AOS Solar was started in 2005 to combine the material cost and manufacturing process economics of thin film solar PV with the efficiency and reliability of crystalline silicon solar PV. The company have an initial prototype solar coupon built and tested using technology. nnThe company's key enablers to achieve market traction are the cost and reliability of the company's product. The silicon on glass (SOG) technology the company are developing will enable solar panels costing around $1/watt to manufacture on the company's pilot line, with lower costs as the company ramp up production due to manufacturing efficiencies and learning curve. Solar silicon is an established technology with proven 20+ year life (versus newer thin film technologies). nnToday the company have working coupons at 7.5% efficiency and the company are working to scale up to larger cells with target 9% efficiency in Q-1, 2008. The company's form factor and efficiency limits are based on first generation technology. By scaling the company's manufacturing and improving the company's technology the company expect to achieve 16 - 18% efficiency in a single junction and 22 - 24% efficiency in a double junction module. nnThe company's A round funding will be used to continue development of the company's equipment / process technology in order to manufacture on larger substrates (2.5' x 4' glass) and to design a scaled up manufacturing line (30+MW annual capacity) based on this development.

Silicon Photonics Group is a company that received a STTR Phase I grant for a project entitled: Advanced Si-Ge-Sn-based Photonic Materials and Devices. Their research project aims to demonstrate prototype infrared light detectors and photovoltaic (solar cell) devices based on technology developed at Arizona State University.
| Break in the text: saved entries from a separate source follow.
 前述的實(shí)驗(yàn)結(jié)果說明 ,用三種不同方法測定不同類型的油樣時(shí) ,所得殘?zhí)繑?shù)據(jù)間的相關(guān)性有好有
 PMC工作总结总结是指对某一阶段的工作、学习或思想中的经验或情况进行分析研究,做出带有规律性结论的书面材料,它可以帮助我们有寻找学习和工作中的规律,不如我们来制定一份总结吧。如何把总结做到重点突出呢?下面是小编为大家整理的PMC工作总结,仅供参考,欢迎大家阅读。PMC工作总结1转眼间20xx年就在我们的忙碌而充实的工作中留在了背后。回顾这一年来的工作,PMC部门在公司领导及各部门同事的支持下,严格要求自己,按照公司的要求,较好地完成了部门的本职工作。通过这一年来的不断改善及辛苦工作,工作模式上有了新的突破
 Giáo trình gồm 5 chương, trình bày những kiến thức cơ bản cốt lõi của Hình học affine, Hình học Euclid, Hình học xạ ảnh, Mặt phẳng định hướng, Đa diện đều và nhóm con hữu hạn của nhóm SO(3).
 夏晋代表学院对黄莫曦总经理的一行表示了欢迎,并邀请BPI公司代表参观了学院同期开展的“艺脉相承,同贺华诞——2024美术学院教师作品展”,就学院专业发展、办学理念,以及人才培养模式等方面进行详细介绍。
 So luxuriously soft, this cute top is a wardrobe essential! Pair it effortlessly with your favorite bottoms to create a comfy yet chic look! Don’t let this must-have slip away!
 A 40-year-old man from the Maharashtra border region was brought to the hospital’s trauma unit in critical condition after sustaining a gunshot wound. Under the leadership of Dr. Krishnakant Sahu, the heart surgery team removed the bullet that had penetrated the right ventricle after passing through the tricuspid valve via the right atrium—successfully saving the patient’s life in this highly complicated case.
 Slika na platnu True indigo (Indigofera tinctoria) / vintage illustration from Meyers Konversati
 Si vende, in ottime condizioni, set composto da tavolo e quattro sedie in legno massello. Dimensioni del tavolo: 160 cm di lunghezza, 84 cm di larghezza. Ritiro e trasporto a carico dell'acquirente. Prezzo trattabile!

The new technology to be explored consists in growing optical-quality alloys of tin and germanium (Ge1-ySny) directly on silicon wafers. These alloys act as infrared materials, and they can also be used as templates for the subsequent growth of other semiconductors on silicon. Of particular interest for this project is the ternary alloy Ge1-x-ySixSny, grown for the first time at Arizona State University. Using this technology, it should be possible to build infrared detectors covering a spectral range previously inaccessible to silicon-based detectors, and to build multijunction photovoltaic devices for a more efficient capture of solar photons. The fabrication of semiconductor devices on cheap silicon wafers is of great significance because of the potentially enormous cost reductions and the possibility of integrating optoelectronic and microelectronic functions, which further reduces costs and contributes to system miniaturization. The infrared detectors proposed here cover the so-called telecom C-,L-, and U-bands within the wavelength window around 1500 nm, a region of great interest to the telecommunications industry. In the photovoltaics arena, the proposed devices have the potential to offer increased efficiencies to make crystalline silicon-based devices competitive with amorphous silicon solutions.